Additionally, when developing this protocol and routing mesh we had the following goals in mind:

  • The protocol must be easy to implement in multiple languages, especially Javascript, Python, and Go. We do not want to restrict ourselves to one language.

  • Async behavior is fundamental. We follow a traditional request / response model with out of order responses; slow requests must not block subsequent, faster requests at the head of the line.

  • Large requests/responses may/must be broken into fragments to be sent progressively (i.e., "streaming" requests are supported).

  • TChannel can be used with arbitrary serialization schemes, e.g. JSON and Thrift, although Thrift is preferred for its IDL, type-safety, and validation guarantees.

  • The routing mesh needs a high-performance forwarding path. Intermediaries must be able to make a forwarding decision quickly.

  • Optional checksums for request/reponse integrity.

Field Length Conventions

In this document, all numeric values are unsigned and in big-endian byte order. All strings are UTF-8. All keys and values used in headers are strings.

The schema for describing field lengths and counts is the same as finagle-mux:

  • the schema size:4 body:10 defines the field size to be 4 bytes, followed by 10 bytes of the field body.
  • the schema key~4 defines the field key to be 4 bytes of a size, followed by that many bytes of data.
  • key~4 is shorthand for keysize:4 key:keysize

Groups are denoted by parentheses. A group's repetition count is either {*} for 0 or more repetitions, or {n} for exactly n repetitions.

Message Flow

Tchannel is a bi-directional request/response protocol. Each connection between peers is considered equivalent, regardless of which side initiated it. It's possible, perhaps even desirable, to have multiple connections between the same pair of peers. Message ids are scoped to a connection. It is not valid to send a request down one connection and a response down another. It is certainly possible to send one request down one connection and then a subsequent request down another, for whatever reason you might have.

A message corresponds to all of the frames that share an id. A pair of "init req" and "init res" frames share the same message id. A set of "call req", "call req continue", "call res", "call res continue", and "error" frames may all share the same message id. A pair of "ping req" and "ping res" frames share the same message id.

Initiating a new connection works like this:

  1. node A initiates TCP connection to node B
  2. B accepts TCP, must not send any data until receiving "init req"
  3. A sends "init req" with desired version, must not send any data until receiving "init res"
  4. B sends "init res", with selected version V. B may now send requests with version V.
  5. A receives "init res". A may now send requests with version V.

Each message is encapsulated in a frame with some additional information that is common across all message types. Part of that framing information is an id. This id is chosen by the requestor when sending a request message. When responding to a request, the responding node uses the message id in the request frame for the response.

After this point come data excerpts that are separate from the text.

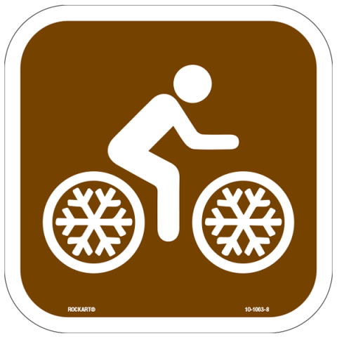 10-1003-SizeAlum Sign - "Fat Tire Snow Bicycle/Bike Symbol" (no text), Wht/Brn
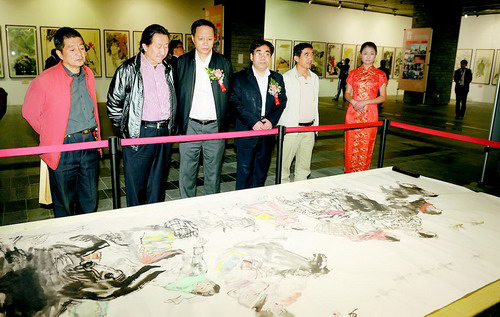 這次展覽不僅匯聚了當(dāng)今美術(shù)界最強(qiáng)的創(chuàng)作陣容,展示了山水、花鳥(niǎo)、人物等多個(gè)美術(shù)類別的最佳作品,而且其陣容之大、水平之高、實(shí)力之強(qiáng),在全國(guó)的美術(shù)展覽中都是難得一見(jiàn)的,無(wú)疑代表了中國(guó)畫(huà)創(chuàng)作的整體最高水準(zhǔn)。當(dāng)天,黃土畫(huà)派藝術(shù)研究院院長(zhǎng)、西安美術(shù)學(xué)院名譽(yù)院長(zhǎng)劉文西,中國(guó)國(guó)家畫(huà)院院長(zhǎng)楊曉陽(yáng),中國(guó)國(guó)家畫(huà)院副院長(zhǎng)張江舟,中國(guó)國(guó)家畫(huà)院交流中心主任蔡敏以及陜西省著名畫(huà)家陳光健、姜怡翔、劉永杰、李玉田等都出席了開(kāi)幕式。這次展覽共展出百名畫(huà)家的76幅精品力作,其中6幅是國(guó)家泰斗級(jí)畫(huà)家合作的丈二大畫(huà),其余以四尺精品畫(huà)居多,展期歷時(shí)5天。
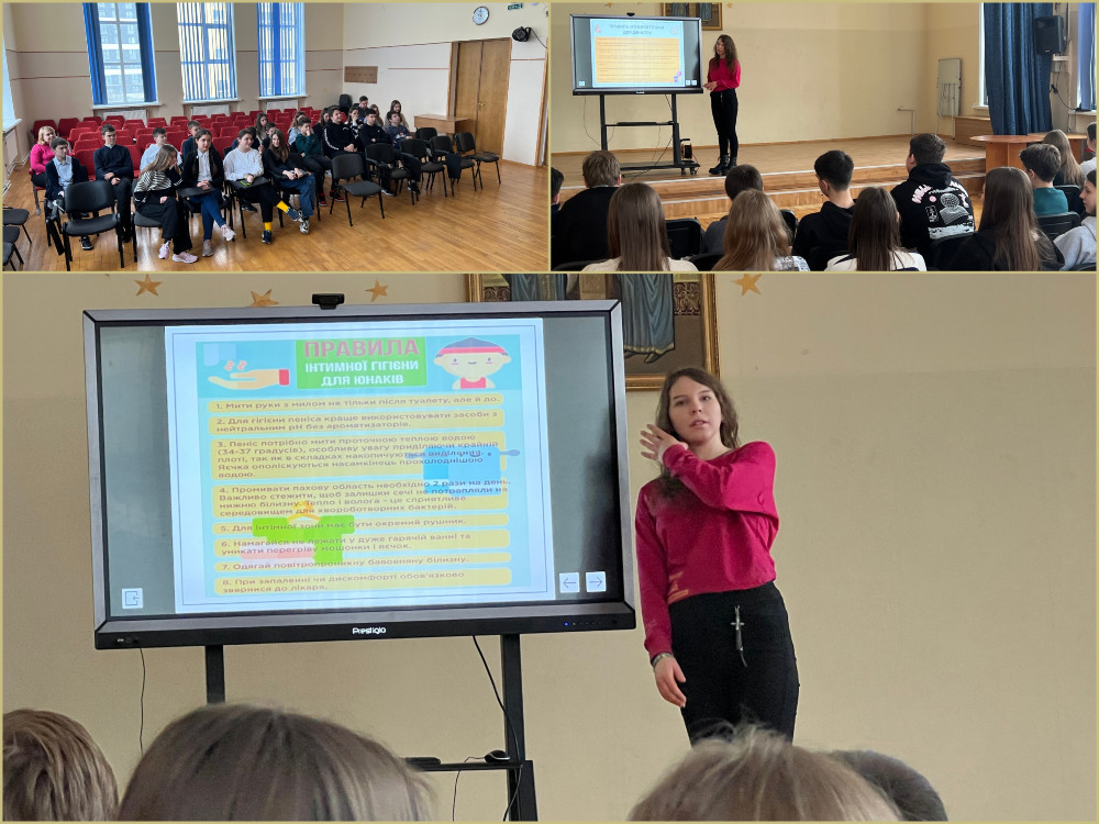 Николин Богданна, студентка ВНПЗ Львівського медичного фахового коледжу "Монада", волонтер-медик в Медико-психологічній допомозі на залізничному вокзалі, волонтер проекту "Почуй лікаря" 6 квітня для учнів 8-Б провела інформаційну презентацію про статеве дозрівання.
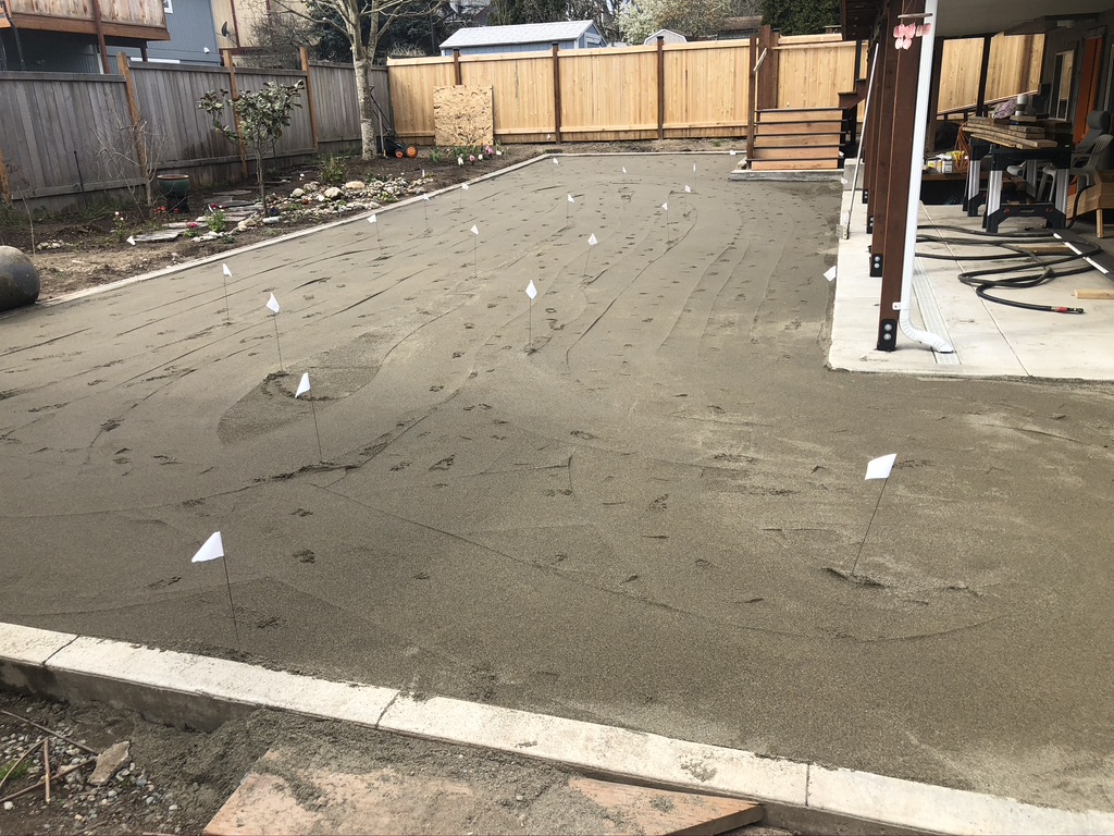 Now it was time to rough subgrade and set grade stakes. I ran string lines every 8' from perimeter curb to patio slab and marked each grade stake 1/2" below my string line so I had plenty of room for future Topdress. I also dropped some Simplot Lime and Planet Turf for nutrients and a Carbon Source.
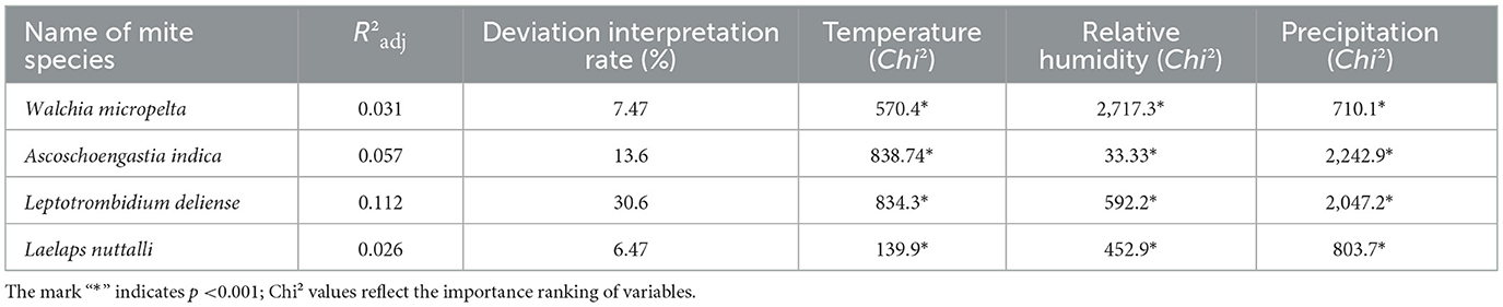 All parametric and smooth items were statistical significance (P < 0.001) in generalized additive models (GAMs) for the abundance of four dominant mite species: W. micropelta, A. indica, L. deliense, and L. nuttall. These outcomes demonstrating the substantial driving effect of climatic factors (monthly mean temperature, relative humidity, and precipitation) on mite abundance. The climatic driving effect on the seasonal dynamics of mites differed significantly depending on mite species. Leptotrombidium deliense exhibited the strongest climatic dependency with 30.6% of deviation interpretation rate (Table 9) and 73.4% of total accumulative contribution rate of climatic factors (28.1% of temperature contribution rate + 45.3% of precipitation contribution rate). Laelap nuttalli displayed minimal climatic responsiveness (6.47% of deviation interpretation rate).

Each frame has a type which describes the format of the frame's body. Depending on the frame type, some bodies are 0 bytes.

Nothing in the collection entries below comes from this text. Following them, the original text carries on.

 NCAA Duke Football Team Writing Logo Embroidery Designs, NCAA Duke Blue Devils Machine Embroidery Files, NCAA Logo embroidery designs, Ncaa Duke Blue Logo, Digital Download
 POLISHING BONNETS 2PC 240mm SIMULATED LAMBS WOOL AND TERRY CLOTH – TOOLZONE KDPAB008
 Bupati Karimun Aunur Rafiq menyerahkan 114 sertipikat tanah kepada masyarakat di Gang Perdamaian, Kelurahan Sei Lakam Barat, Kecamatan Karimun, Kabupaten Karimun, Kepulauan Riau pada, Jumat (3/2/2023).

The "call req" frame type has a "ttl" field which is used to specify the deadline for this request. The transmitter manages the ttl to account for time in transit or time to failover, and send it to receivers only for deadline propagation purposes. This allows receivers to know how much time they have remaining to complete this portion of the request. Intermediaries are free to make retries with backoff as necessary, as long as they are still within the ttl.

Here are some details of the message flow from a service A instance A1, through a service router R1, into a service B instance B1, and then back. These are not the full details of every single field, but they are intended to illustrate some less obvious behaviors.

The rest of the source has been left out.